したがって、今こそ「大きな政府」に舵を切り、消費税増税と、住宅、教育、介護、医療などの最低限、生存に必要なサービスを、「商品」として購入するのではなく、社会が提供する形にすべきだ、ということです。
そうすることで、貧富の別なく、すべての国民が税に対する「受益感」を持つことになる、と提唱しています。また、その財源は消費税の増税(欧州並みに20%程度)によって賄うべきだとしています。
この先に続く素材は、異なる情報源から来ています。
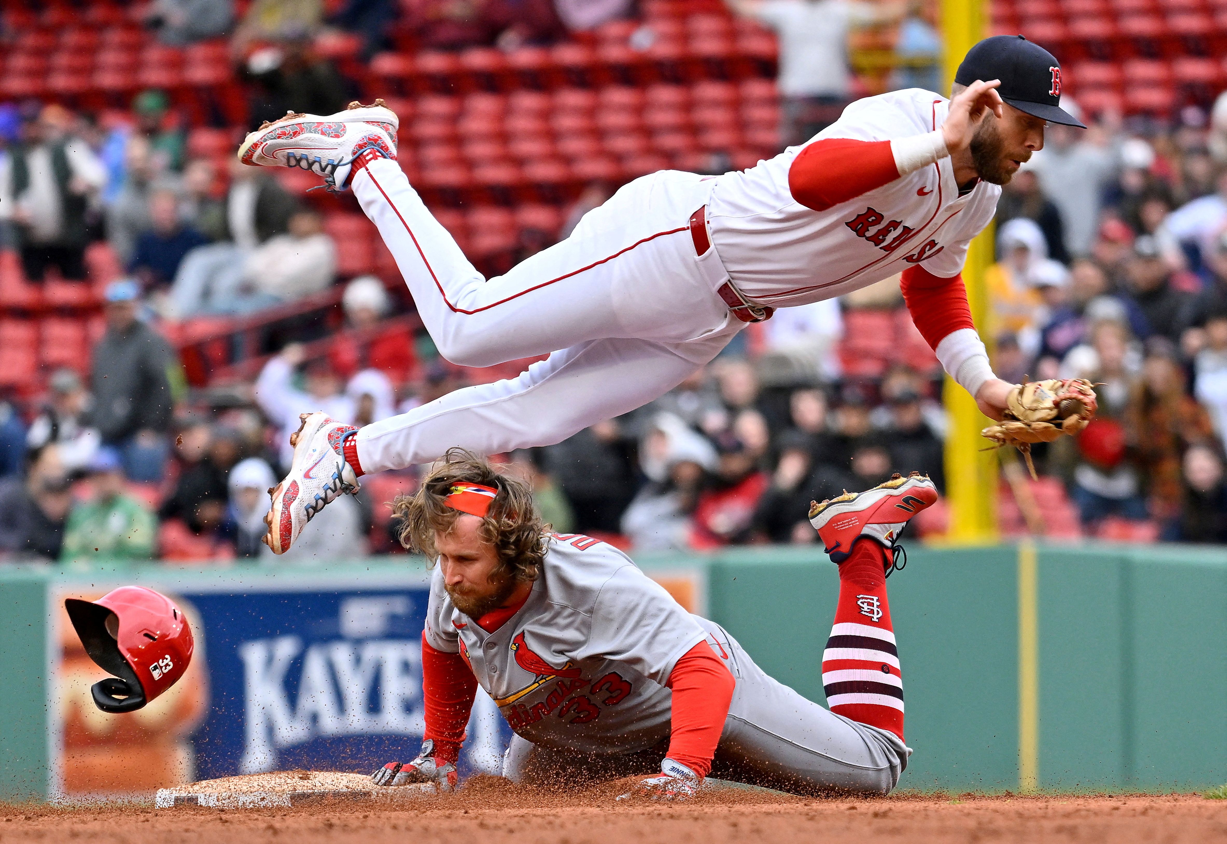 Boston Red Sox shortstop Trevor Story (10) leaps out of the way as St. Louis Cardinals infield Brendan Donovan (33) continues to slide into second base during the ninth inning at Fenway Park in Boston, Massachusetts on April 6, 2025. (Photo by Eric Canha/Reuters)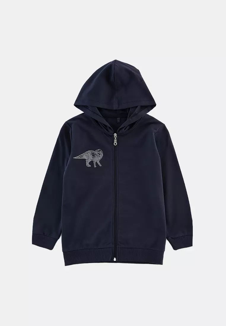 TrendyolBoy's Navy Printed Cotton Knitted Cardigan - Hooded And Zippered Tkdaw25Hi00003159.00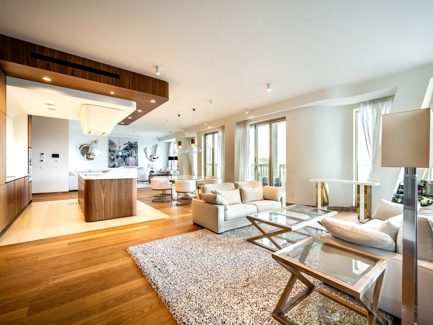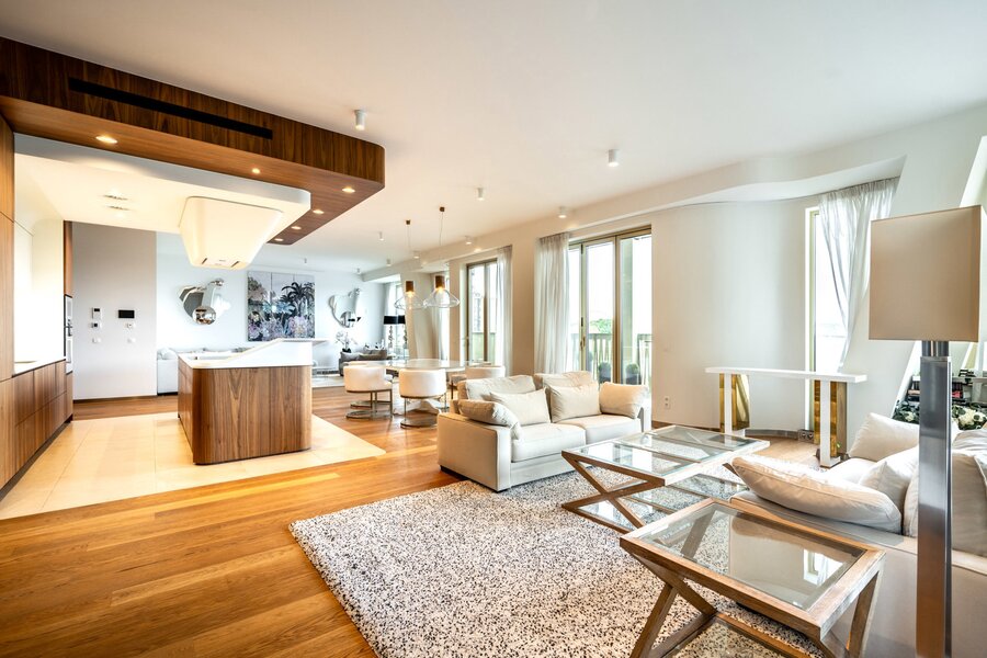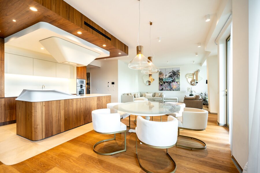 The apartment features an entrance hall with a cloakroom and guest toilet, a spacious living and dining area of approximately 150 m² with a fully equipped Gaggenau open-plan kitchen, all opening onto a first west-facing terrace. The sleeping area comprises the master bedroom with a dressing room, a full bathroom, and access to a second terrace. The two other bedrooms share a full bathroom and each also has access to a terrace.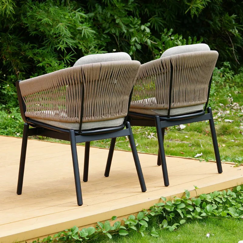 Cool, breathable rope seats: 300g/m² Textilene rope is woven tightly into the chair seats and backrests—air flows through freely, so you won’t stick to the chair on 35℃ days. It’s also tough: anti-tear fabric resists snags from kids’ toys or pets, and UV stabilizers keep the rope’s natural color from fading (90% color retention after 3000-hour sun tests).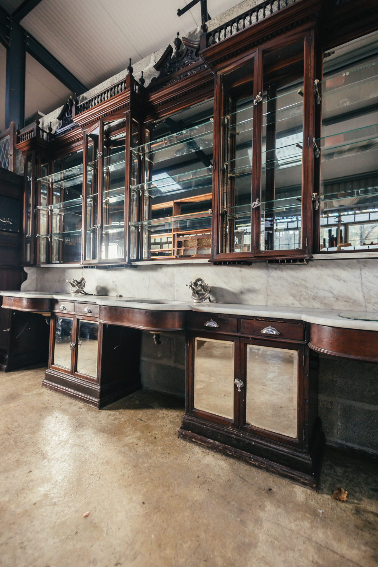 Early 19th Century Carved Mahogany, Mirrored Back, Marble Topped, 3 Stand Barbers Unit Ex. Co. Tipperary

こうした政策は一見、貧困を加速しそうに見えるが、実は「安心」して働ける環境になるために、納税額は増えても万一の時の貯蓄は必要なくなって消費も増える、と主張します。
このように、「全員が受益者」の社会を作ることによって、貧富の格差拡大は緩和され、世代間の不公平感や、所得の多寡による損得感も無くなってくる、と著者は言います。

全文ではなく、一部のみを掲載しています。